I recently spent the better part of a week getting this to work semi-reliably
in user-run epilogs. It seems that the information retrieved by sacct and
scontrol is updated lazily (often, not until after the epilog would complete),
especially when run under sbatch, though there is still some delay even under
srun. At the end I'll share a bash function I wrote to do this to hopefully
save someone some time.
Obtaining the correct exit status is non-trivial. When slurm kills a job due to
exceeding memory times, it doesn't kill the script, rather, it just kills the
application that is exceeding the memory allotment. As a result, there is no
obvious way to figure out whether SLURM killed the application due to exceeding
memory requirements if you have a script in which some of the internal commands
could return a non-zero exit status, because the exit status is that of of the
script (if all commands should return a 0 exit status, then all we need to do
set -e at the beginning of the script, or use srun -K1).
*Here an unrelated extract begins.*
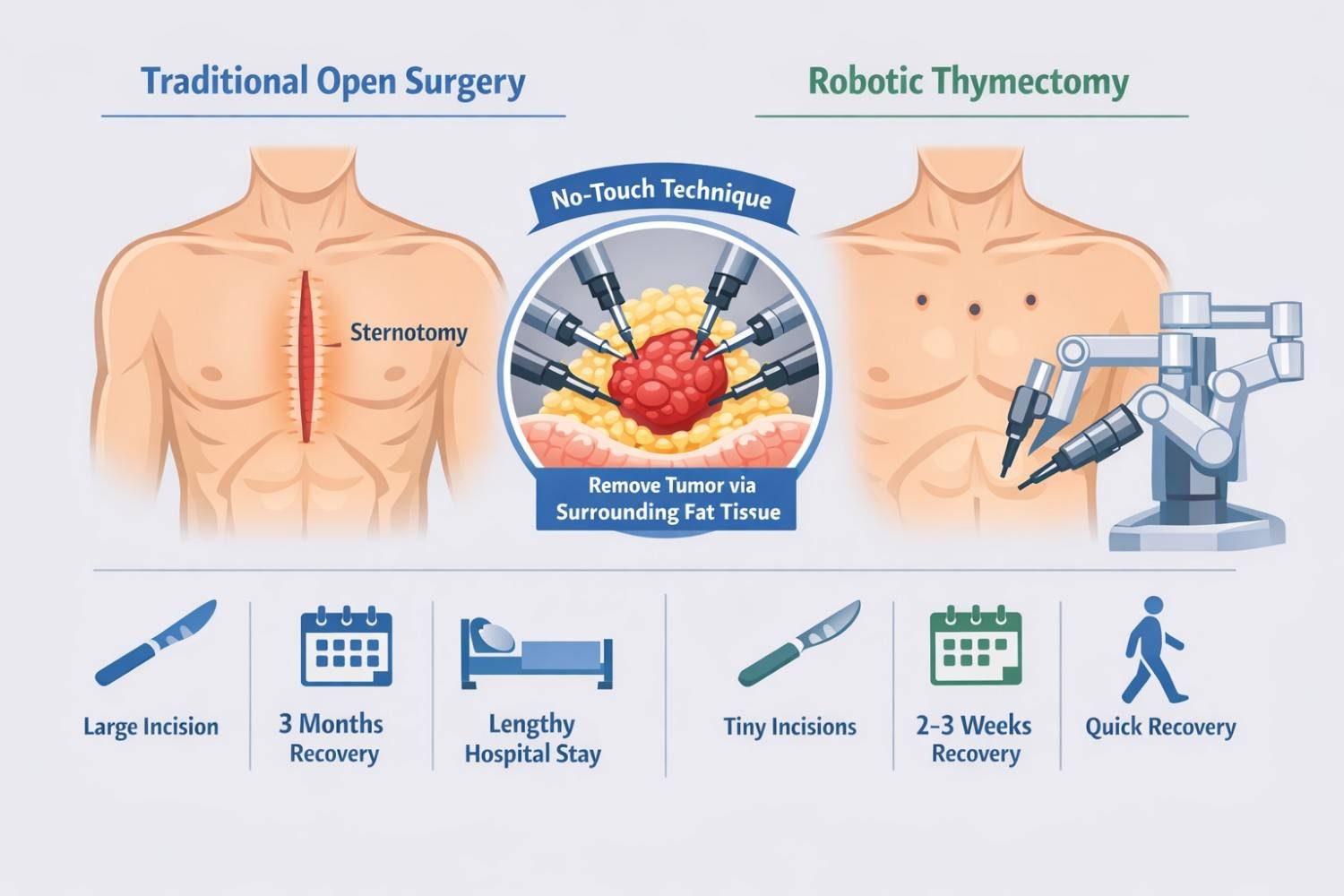 For patients seeking advanced mediastinal tumor treatment in Gurgaon, robotic thymectomy at a high-volume center offers the best combination of safety and results. Research published in PMC (2023) confirms that VATS and robotic approaches provide equivalent or better oncological outcomes compared to open surgery.

Illustration:
> cat consume_250mb_for_two_minutes.sh
#!/bin/sh
timeout 120 dd bs=250M obs=250M if=/dev/zero of=/dev/null
echo "Done"
> srun -vv --partition=debug --mem-per-cpu=100 -t 1:00
> consume_250mb_for_two_minutes.sh
(using -vv to get the job number)
> sacct -j 10663091 -o JobID,MaxRSS,ExitCode,DerivedExitCode
JobID MaxRSS ExitCode DerivedExitCode
------------ ---------- -------- ---------------
10663091 1848K 0:0 0:0
If I remove echo "Done" and rerun:
> sacct -j 10662944 -o JobID,MaxRSS,ExitCode,DerivedExitCode
JobID MaxRSS ExitCode DerivedExitCode
------------ ---------- -------- ---------------
10662944 98020K 9:0 137:0
Likewise, it is necessary to check the exit status of each command run during a
slurm script and test for 9 or 137 as the exit status and exit with that status
immediately if it is detected A bash function for this is pretty trivial,
though a hassle to use for every command in every script.
My SLURM Wishlist:
1: slurm should wait to run epilogue until scontrol/sacct have up to date
accounting information on the job.
2: have an option to kill the script by default and set the SLURM_EXIT_CODE
status to some sentinel value if any step is killed by slurm due to memory
over-consumption, even when run under srun -K0 due to potentially non-zero exit
status' from internal commands.
3: When slurm kills an application due to memory overconsumption, it should set
the MaxRSS to the value that it killed it for, and record the SLURM-based exit
code to be non-zero since some part of the application failed. This would
better enable systems that estimate future memory and time consumption for
well-defined workflows and protocols to utilize feedback from SLURM to improve
their ability to estimate an upper bounds on resources required.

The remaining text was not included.